JOURNAL ARTICLE

Oxidized phospholipids, lipoprotein(a), lipoprotein-associated phospholipase A2 activity, and 10-year cardiovascular outcomes: prospective results from the Bruneck study

Stefan Kiechl, Johann Willeit, Manuel Mayr, Brigitte Viehweider, Martin Oberhollenzer, Florian Kronenberg, Christian J Wiedermann, Sabine Oberthaler, Qingbo Xu, Joseph L Witztum, Sotirios Tsimikas
Arteriosclerosis, Thrombosis, and Vascular Biology 2007, 27 (8): 1788-95
17541022

BACKGROUND: Oxidized phospholipids (OxPL) circulate on apolipoprotein B-100 particles (OxPL/apoB), and primarily on Lp(a) lipoprotein (a) [Lp(a)]. The relationship of OxPL/apoB levels to future cardiovascular events is not known.

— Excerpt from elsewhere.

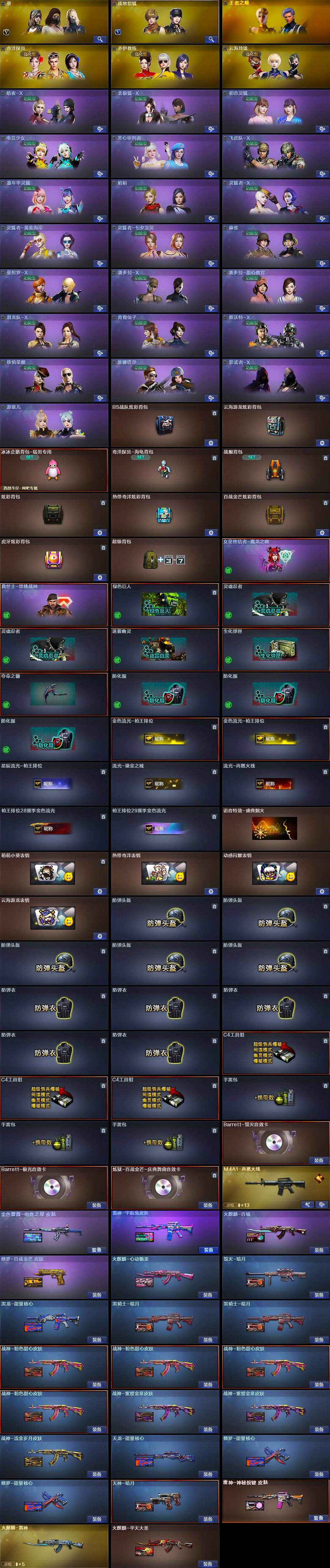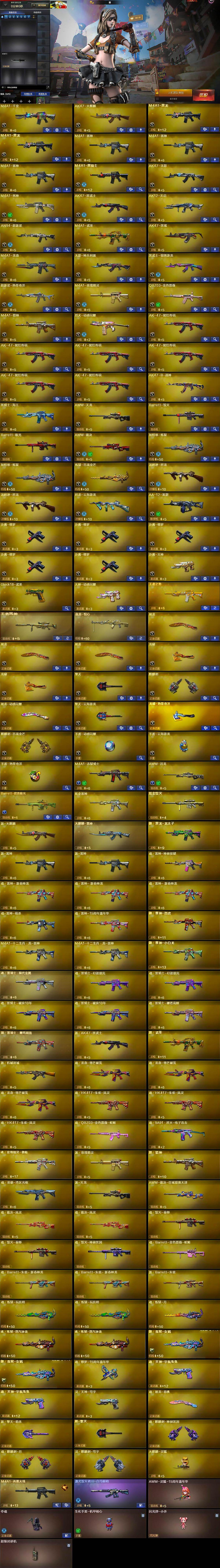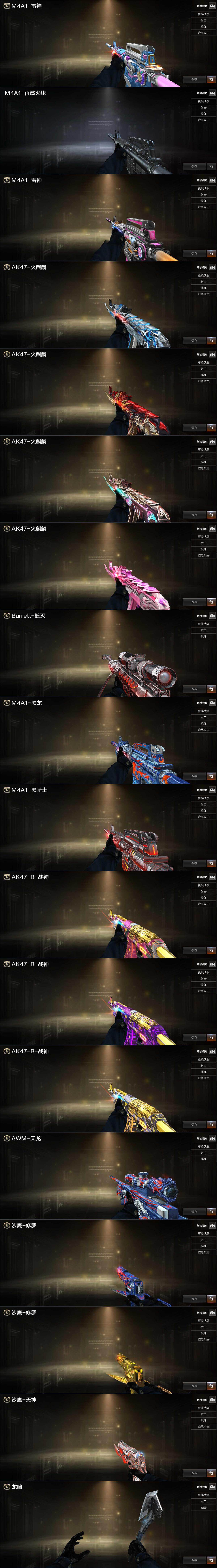 【英雄级武器】:M4A1-千变,AK47-火麒麟,M4A1-黑龙*2,M4A1-雷神*3,M4A1-黑骑士,AK47-无影,M4A1-死神,AK47-黑武士,AK12-天启,AN94-超新星,M4A1-武圣,AK47-黑鲨,M4A1-龙血,无影-神兵利器,黑武士-锦绣游龙,超新星-热带奇洋,M4A1-玫瑰精灵,QBZ03-金色蔷薇,M4A1-猎神,烈火-动感闪耀,AK-47-猩红传说*6,AK47-B-战神,黑骑士-海王,AWM-天龙,Barrett-毁灭,Barrett-极光,AWM-裁决,加特林-炼狱*2,炼狱-百战金芒,汤姆逊-烈龙*2,烈龙-云海游龙,AA-12-雷霆,沙鹰-修罗*5,沙鹰-天神,Glock18-武圣,天神-动感闪耀,屠龙*3,龙啸*2,擎天,麒麟刺,屠龙-动感闪耀,擎天-云海游龙,龙啸-热带奇洋,麒麟刺-百战金芒,手雷-动感闪耀,手雷-云海游龙,手雷-热带奇洋,M4A1-赤狱骑士,AWM-昌龙,Ba

METHODS AND RESULTS: The Bruneck study is a prospective population-based survey of 40- to 79-year-old men and women recruited in 1990. Plasma levels of OxPL/apoB and lipoprotein (a) [Lp(a)] were measured in 765 subjects in 1995 and incident cardiovascular disease (CVD), defined as cardiovascular death, myocardial infarction, stroke, and transient ischemic attack, was assessed from 1995 to 2005. During the follow-up period, 82 subjects developed CVD. In multivariable analysis, which included traditional risk factors, high sensitivity C-reactive protein (hsCRP), and lipoprotein-associated phospholipase A2 (Lp-PLA2) activity, subjects in the highest tertile of OxPL/apoB had a significantly higher risk of cardiovascular events than those in the lowest tertile (hazard ratio[95% CI] 2.4[1.3 to 4.3], P=0.004). The strength of the association between OxPL/apoB and CVD risk was amplified with increasing Lp-PLA2 activity (P=0.018 for interaction). Moreover, OxPL/apoB levels predicted future cardiovascular events beyond the information provided by the Framingham Risk Score (FRS). The effects of OxPL/apoB and Lp(a) were not independent of each other but they were independent of all other measured risk factors.

CONCLUSIONS: This study demonstrates that OxPL/apoB levels predict 10-year CVD event rates independently of traditional risk factors, hsCRP, and FRS. Increasing Lp-PLA2 activity further amplifies the risk of CVD mediated by OxPL/apoB.